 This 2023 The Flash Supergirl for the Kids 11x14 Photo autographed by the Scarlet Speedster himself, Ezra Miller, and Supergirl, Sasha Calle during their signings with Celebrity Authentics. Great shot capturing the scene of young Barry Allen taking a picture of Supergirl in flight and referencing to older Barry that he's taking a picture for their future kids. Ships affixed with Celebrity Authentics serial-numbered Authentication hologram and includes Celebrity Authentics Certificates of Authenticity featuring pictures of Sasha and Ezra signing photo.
======
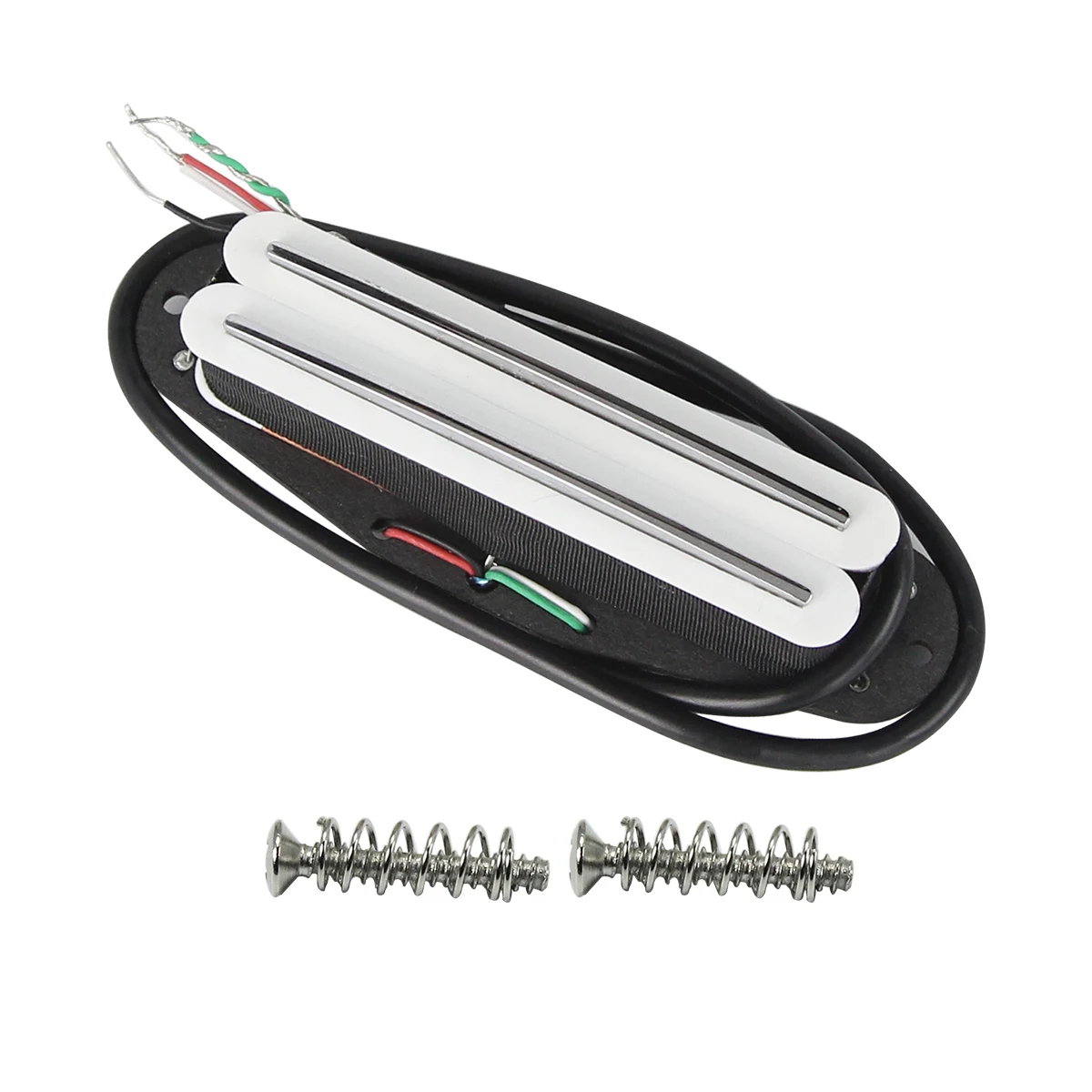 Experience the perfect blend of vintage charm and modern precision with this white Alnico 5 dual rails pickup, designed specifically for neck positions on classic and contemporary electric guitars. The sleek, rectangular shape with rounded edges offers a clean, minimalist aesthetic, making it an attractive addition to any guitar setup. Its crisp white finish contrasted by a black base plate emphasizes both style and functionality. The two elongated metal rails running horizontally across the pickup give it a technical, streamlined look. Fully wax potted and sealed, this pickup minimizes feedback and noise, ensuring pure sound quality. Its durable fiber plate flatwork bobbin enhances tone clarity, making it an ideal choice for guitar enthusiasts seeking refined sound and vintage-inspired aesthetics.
======
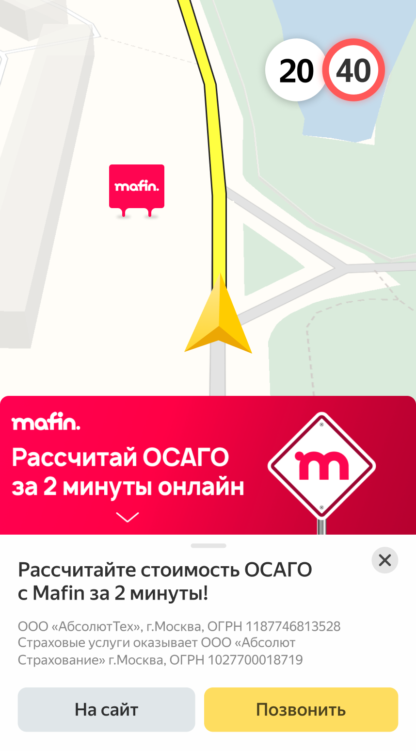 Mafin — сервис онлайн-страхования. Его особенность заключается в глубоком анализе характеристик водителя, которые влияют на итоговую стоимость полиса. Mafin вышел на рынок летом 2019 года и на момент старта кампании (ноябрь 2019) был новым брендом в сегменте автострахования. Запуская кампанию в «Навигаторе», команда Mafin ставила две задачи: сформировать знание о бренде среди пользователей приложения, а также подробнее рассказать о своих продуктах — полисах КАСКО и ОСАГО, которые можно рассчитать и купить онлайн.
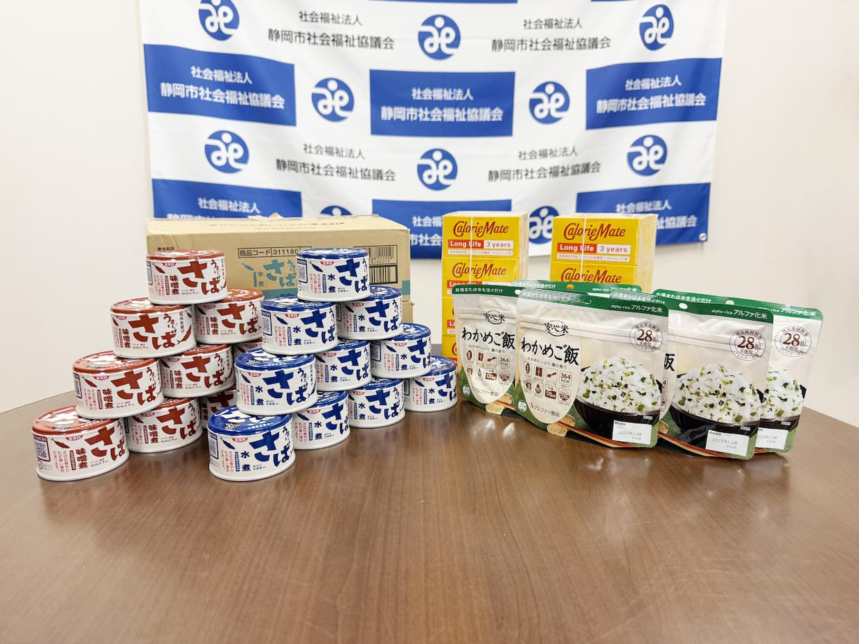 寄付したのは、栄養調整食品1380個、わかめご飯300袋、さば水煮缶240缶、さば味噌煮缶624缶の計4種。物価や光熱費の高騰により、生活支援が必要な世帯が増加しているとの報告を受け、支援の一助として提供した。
======
_What is required_.
What you need to produce is an exact copy of the entries above, limited to the lines from the one with "Mafin — сервис" up to and including the one with "寄付したのは、栄養調整食品1", without pictures.

_Solution to this exercise_.
 Mafin — сервис онлайн-страхования. Его особенность заключается в глубоком анализе характеристик водителя, которые влияют на итоговую стоимость полиса. Mafin вышел на рынок летом 2019 года и на момент старта кампании (ноябрь 2019) был новым брендом в сегменте автострахования. Запуская кампанию в «Навигаторе», команда Mafin ставила две задачи: сформировать знание о бренде среди пользователей приложения, а также подробнее рассказать о своих продуктах — полисах КАСКО и ОСАГО, которые можно рассчитать и купить онлайн.
 寄付したのは、栄養調整食品1380個、わかめご飯300袋、さば水煮缶240缶、さば味噌煮缶624缶の計4種。物価や光熱費の高騰により、生活支援が必要な世帯が増加しているとの報告を受け、支援の一助として提供した。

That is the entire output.